December 25, 2011

The Gülen Movement and its Chief Priority

fgulen.org

What is the Gülen Movement?

The Gülen Movement originated in 1970s' Turkey as a faith-inspired initiative to improve educational opportunities for a local community; since then, it has grown into a transnational educational, inter-cultural and interfaith movement.

It is estimated that participants number in several millions. The Gülen Movement has securely established, respected institutions (of different kinds, but mostly schools) on every continent.

What is the place of moral and spiritual values in the Gülen Movement?

Since the Gülen Movement originated as a faith-inspired civil society movement, motivations for participation include spiritual resources and moral values drawn from the Islamic tradition, like altruism and other non-material incentives.
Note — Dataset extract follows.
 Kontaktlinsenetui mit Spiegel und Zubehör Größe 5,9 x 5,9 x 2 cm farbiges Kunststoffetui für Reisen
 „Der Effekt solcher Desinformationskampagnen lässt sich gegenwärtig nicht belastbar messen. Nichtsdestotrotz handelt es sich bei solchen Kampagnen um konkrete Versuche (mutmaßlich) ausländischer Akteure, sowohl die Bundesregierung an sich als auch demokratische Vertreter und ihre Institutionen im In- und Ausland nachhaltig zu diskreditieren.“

What is the Movement's chief priority?

Gulen-inspired schools
The Movement's chief priority is education. In Fethullah Gülen's view the establishment of justice is hindered by the lack of well-rounded education, as is the recognition of human rights and attitudes of acceptance and tolerance toward others: ‘If you wish to keep the masses under control, simply starve them in the area of knowledge.
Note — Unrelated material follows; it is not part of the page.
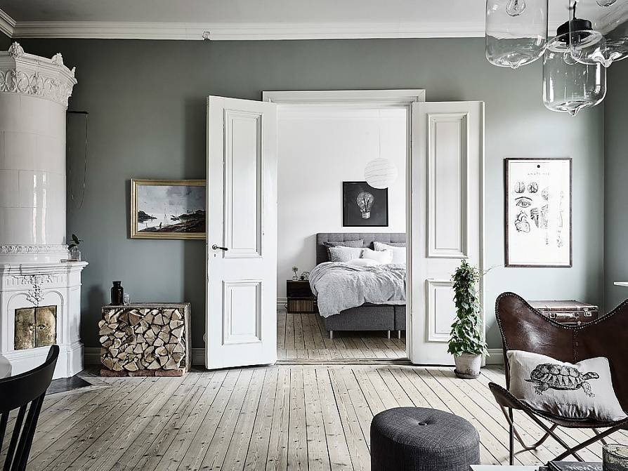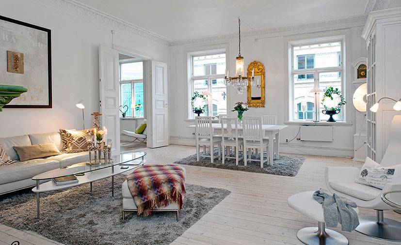 Исходя из особенностей климата, именно белый и серый цвета преобладают в скандинавских интерьерах. Светлые тона хорошо отбивают свет, рассеивают его по помещению, наполняют его. Также гамма выступает в качестве связующего звена дизайна квартиры в скандинавском стиле. Чтобы не превратить все в серую монотонность, необходимо использовать яркие акценты в виде живых цветов, панно, текстиля, картин и т.д.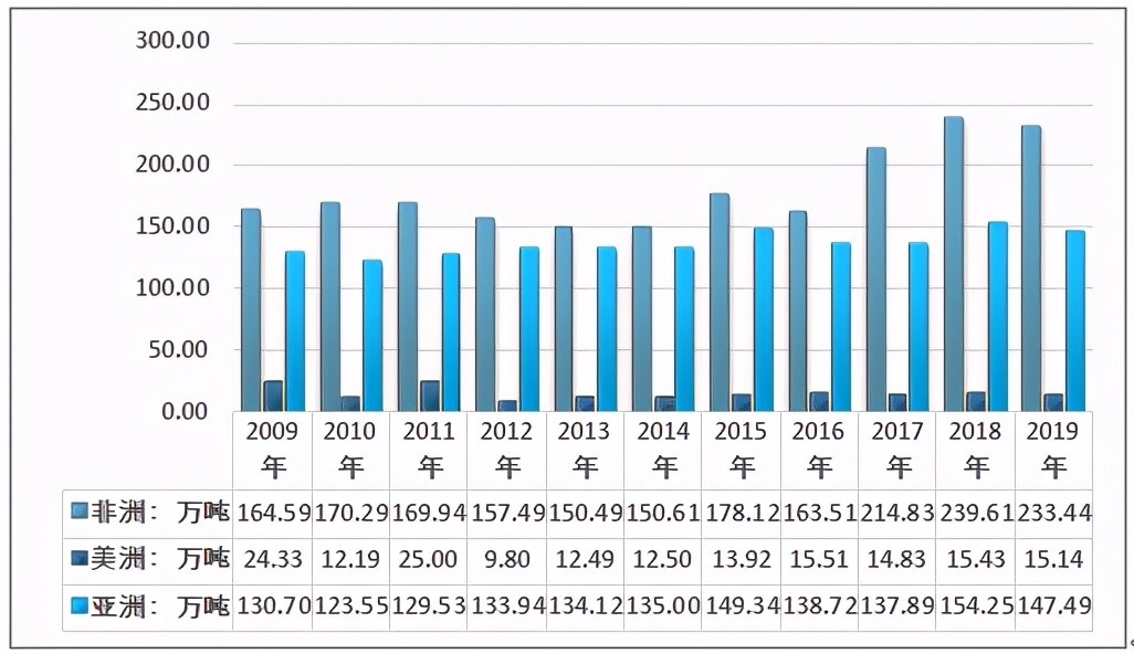 2019年以科特迪瓦、莫桑比克为代表的非洲地区腰果产量为233.44万吨;以印度、越南为主的亚洲地区产量为147.49万吨;以巴西为主的美洲地区腰果产量为15.14万吨。

They can escape such tyranny only through education. The road to social justice is paved with adequate, universal education, for only this will give people sufficient understanding and tolerance to respect the rights of others.’

Gülen holds that a new style of education is necessary. This education will fuse religious and scientific knowledge with morality and spirituality. It will produce genuinely enlightened people with hearts illumined by religious sciences and spirituality, and minds illuminated with positive sciences. The actions and life-styles of such people will embody humanity and moral values, and they will understand the socio-economic and political conditions of their time.

The education supported by the Movement is oriented to enabling people to think for themselves, to be agents of change on behalf of the positive values of social justice, human rights and tolerance. This sharply distinguishes the Movement from exclusivist organizations or cults which are oriented inward and demand conformity from group members (of which the private rites, insignia, etc., are a badge).